To unblock the supply chain of medical equipment to the continent, the Africa CDC was developing a platform to enable the pooling and centralisation of commodity acquisition. This platform should go live next week.
This would be like shopping online through platforms like Alibaba and Amazon. The platforms would provide not only diagnostics but other personal protective equipment.
‘That would allow us to have transparency and predictable supply of these commodities to respond to Covid-19.’
Nkengasong was asked if the assistance to Africa which the G20 and other countries had promised last month had yet materialised. He said there would be a meeting next week of African ministers to assess this and to work out how the money should be distributed.
He would propose that 10 percent of the aid should go to health, with the rest going to revive economies hit by the coronavirus and the lockdowns.
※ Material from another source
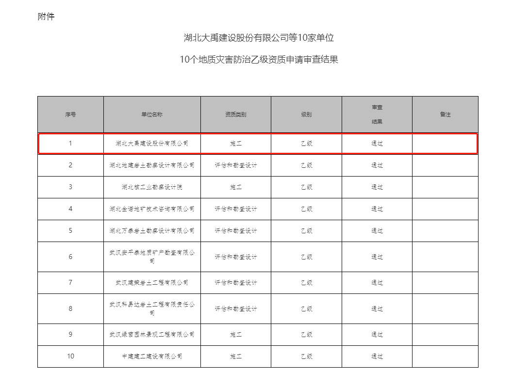 近日,湖北伟德国际1946源于英国建设股份有限公司资质升级工作再传喜讯,通过了湖北省自然资源厅的审查,获得地质灾害防治工程施工乙级资质,这是公司在建筑企业资质升级工作中取得的又一项重要成果,是公司在工程承揽方面取得的又一次重大突破!

He was pleased that more Western countries were reaching out to Africa to find out about the Covid-19 situation here and how they could help. He had just briefed the French Senate and would soon be briefing UK and US legislators.
Last week, Nkengasong said the Africa CDC and the government of Madagascar were still in discussion about a drink – called Covid-Organics – which Malagasy President Andry Rajoelina has been touting as a Covid-19 remedy and which some other governments, like that of Tanzania, have been buying in bulk.
He said then that Madagascar had agreed to work with the Africa CDC to scientifically test Covid-Organics to ensure it was safe and effective. On Thursday he said the Africa CDC was still waiting for data from Madagascar on the substance.
He stressed that this was an urgent matter, as if the beverage proved safe and effective, it would be important to scale it up quickly. He was expecting Madagascar to reach out to the Africa CDC in the coming days.
He also disclosed that the Africa CDC had still not received any new information from Tanzania about the Covid-19 situation in that country. Tanzanian President John Magufuli has been denying the threat of Covid-19 and several weeks ago stopped his health authorities from publishing data about infections and deaths as he said it was unreliable.
Nkengasong implicitly rebuked Tanzania this week by saying that the Africa CDC expected all African Union member states to adhere to the joint continental strategy to fight Covid-19.
This was underpinned by effective communication, ‘which means sharing of data and effective cooperation, which means we are in this together, which means we have to cooperate, share data and fix cross-border issues.’ He noted that cross-border transmission of the coronavirus was an issue at stake here. So the Africa CDC expected Tanzania to adhere fully to the joint continental strategy.